Operate / supervise key equipment: vial/ampoule washing, sterilization (autoclave, filtration), filling, sealing, capping, tunnel sterilizer, lyophilizer (if applicable) etc.

Ensure line readiness, material dispensing, line clearance before/after operations.

Aseptic Process & Sterility Assurance:

Maintain cleanroom operations, gowning, environmental monitoring, microbial monitoring.

Ensure correct operation of aseptic filling / sterile filtration / sterilization steps.

Carry out / support media fill / process qualification / filter integrity tests.

Quality & Compliance:

Ensure all manufacturing activities comply with internal SOPs, company policies, and regulatory requirements (e.g. Schedule M / WHO GMP / USFDA etc.).

Manage batch records (BMR), documentation, deviations, change control, CAPA and rectify nonconformities.

Support audits and inspections, both internal and external / regulatory.

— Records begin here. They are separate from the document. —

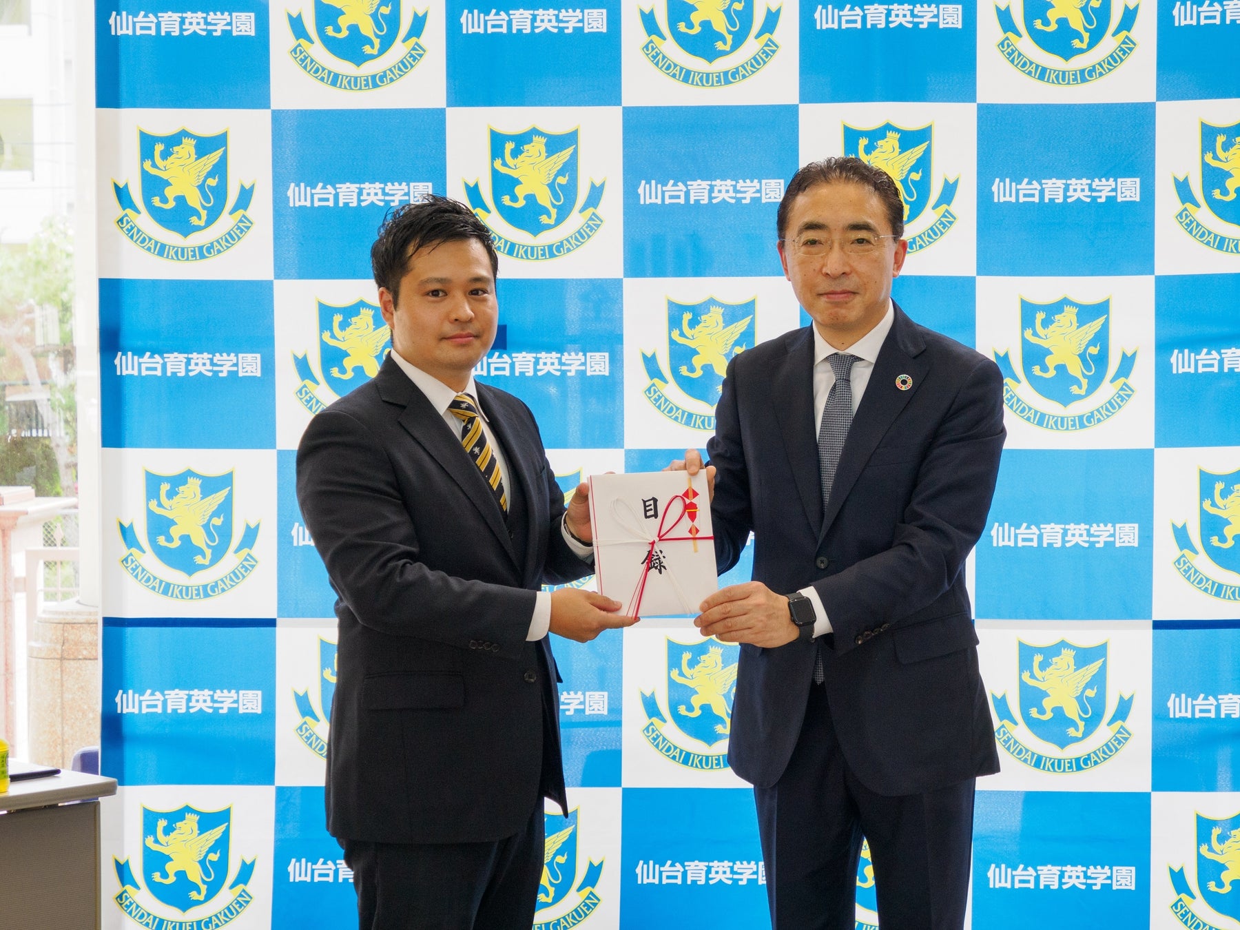 白川 英夫様、そしてオートモアに仙台育英学園のロゴが入ったカバーデザインにご協力をいただいた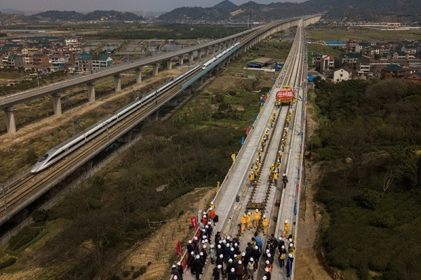 中鐵四局施工技術人員在傳芳特大橋上進行杭黃鐵路的鋪軌作業,一列高鐵從旁邊的滬昆客運專線上駛過。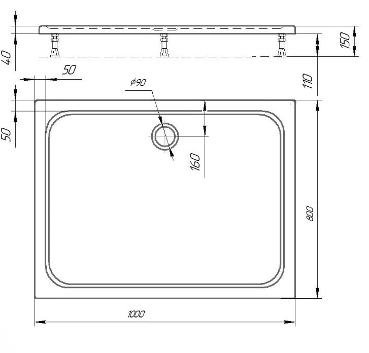 Поддон акриловый, прямоугольный, с ножками и съемной панелью. БЕЗ СИФОНА. 100*80*15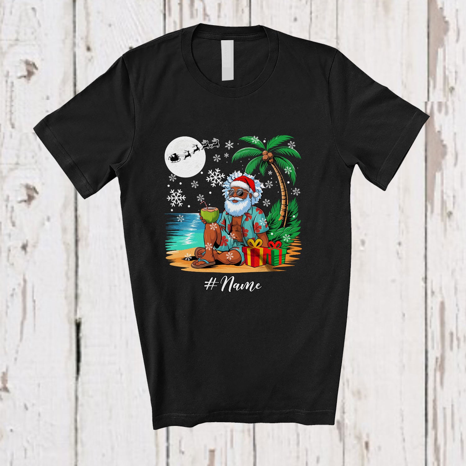 Personalized Custom Name Santa Drink Coconut; Amazing Christmas Tropical Hawaiian Afro Santa Beach T-Shirt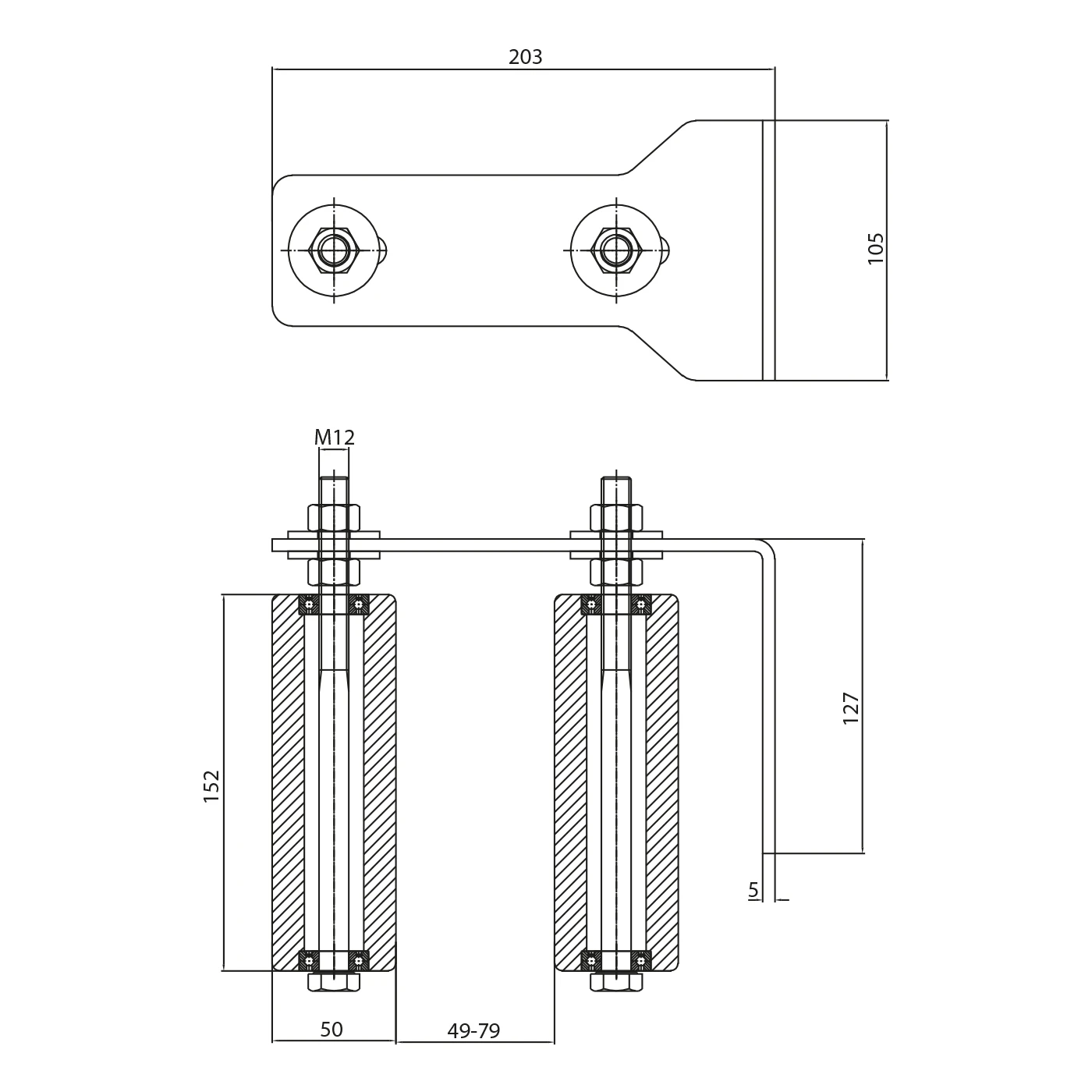 - Construction solide — tôle de 5 mm et vis M12 supportent des charges importantes

Validation / Cleaning / Utilities:

Oversee validation / qualification (IQ, OQ, PQ) for processes and equipment used in small volume injectable.

Maintain utilities required Water for Injection (WFI), clean steam, compressed air, etc.

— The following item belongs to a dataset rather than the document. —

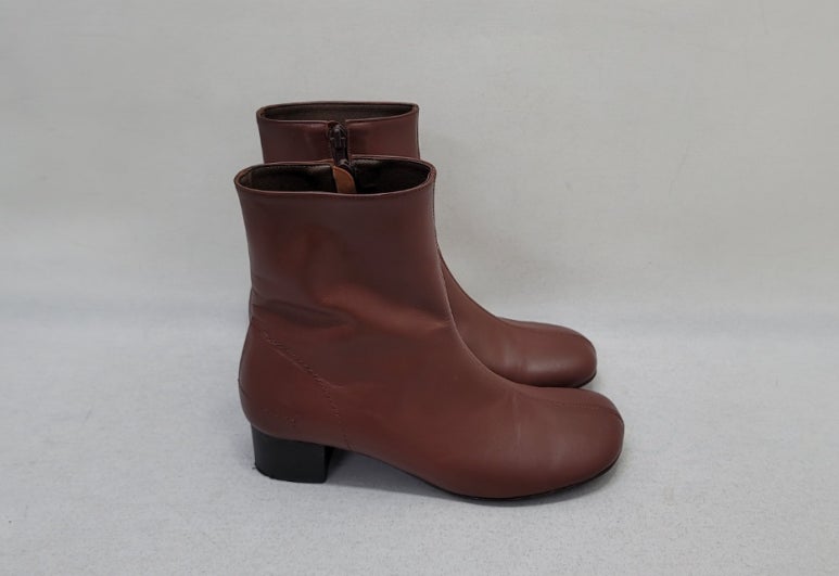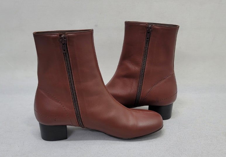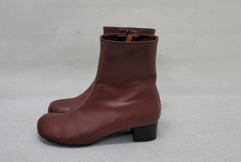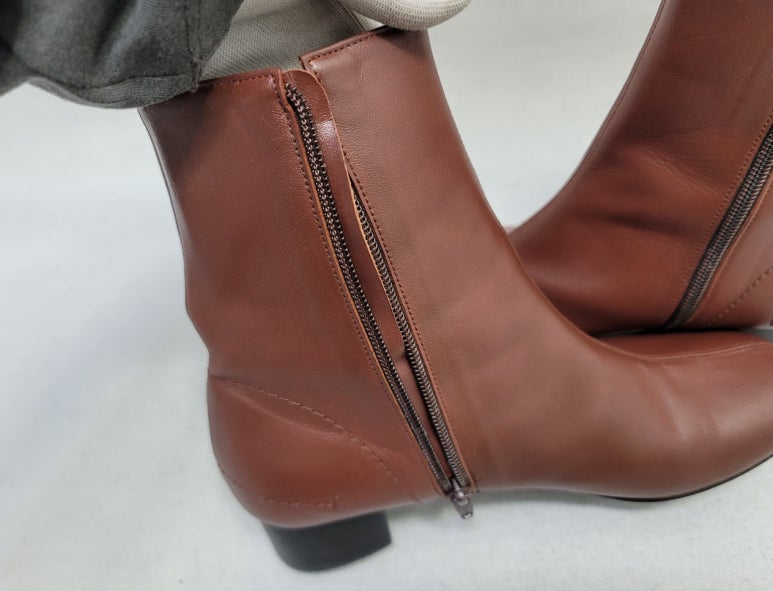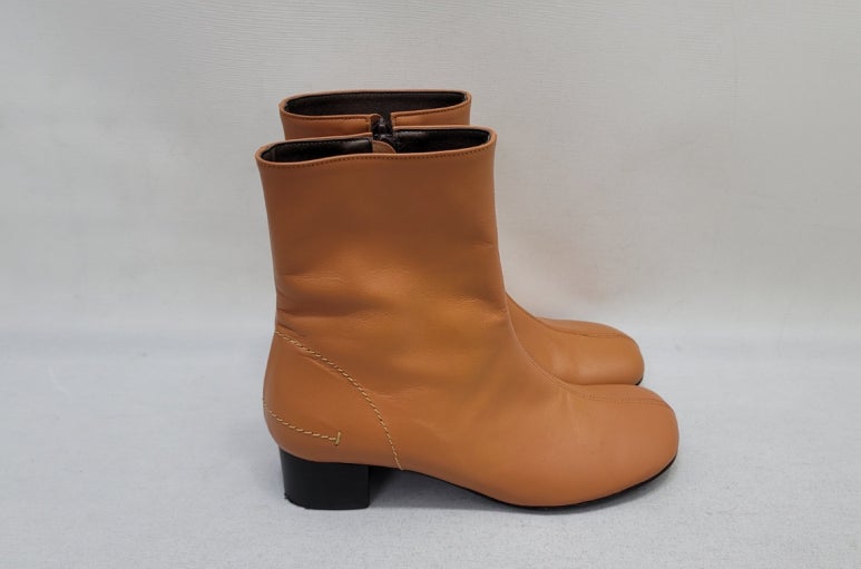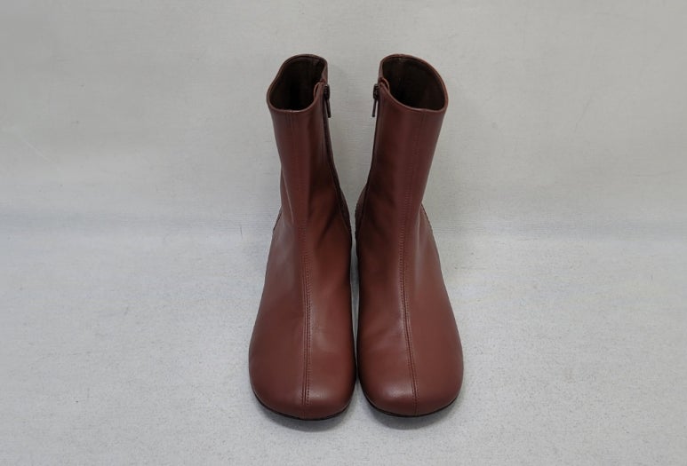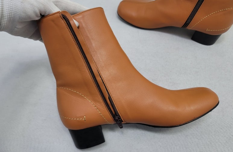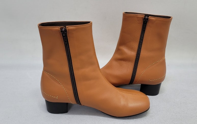 톤으로 염색을 마친 가죽 앵클부츠입니다.

Monitor and ensure proper cleaning / sterilization of equipment, proper functioning of CIP / SIP systems.

Process Optimization & Efficiency:

Monitor yields, wastage, downtime; identify improvement opportunities.

Work on continuous improvement initiatives to optimize processes, reduce rejects, reduce cost, improve throughput.

Coordination & Documentation:

Coordinate with QA, QC, Engineering, Supply Chain, Validation to ensure smooth flow of materials, equipment, documentation.

Ensure timely preparation, review, and update of SOPs, BMRs, work instructions.

Safety, Environmental & Regulatory Oversight:

Enforce safety, hygiene, EHS practices in sterile environment.

Ensure compliance with regulatory norms; keep updated on regulatory changes affecting SVPs.

Team Management:

Supervise operators, technicians; provide training specifically for aseptic / sterile techniques.

Ensure staff adhere to gowning, cleanroom behavior and protocol.

Required Qualifications & Skills:

• Bachelor’s degree in Pharmacy/ M.Sc.

• Experience

  : 6+ years in small volume injectable / sterile parenteral manufacturing.
• Solid knowledge of aseptic techniques, sterilization methods, cleanroom behavior, environmental monitoring.
• Understanding of regulatory and GMP standards for sterile products; familiar with guidelines specific to SVIs.
• Handson experience with equipment: vial/ampoule washing, filling/sealing machines, autoclaves, filters, tunnel sterilization etc.
• Strong documentation skills; adept at deviation / CAPA / change control processes.
• Good analytical skills, attention to detail; ability to track and interpret batch performance metrics.
• Good communication skills; ability to work with crossfunctional teams.
• Ability to follow and enforce safety, hygiene, cleanroom discipline.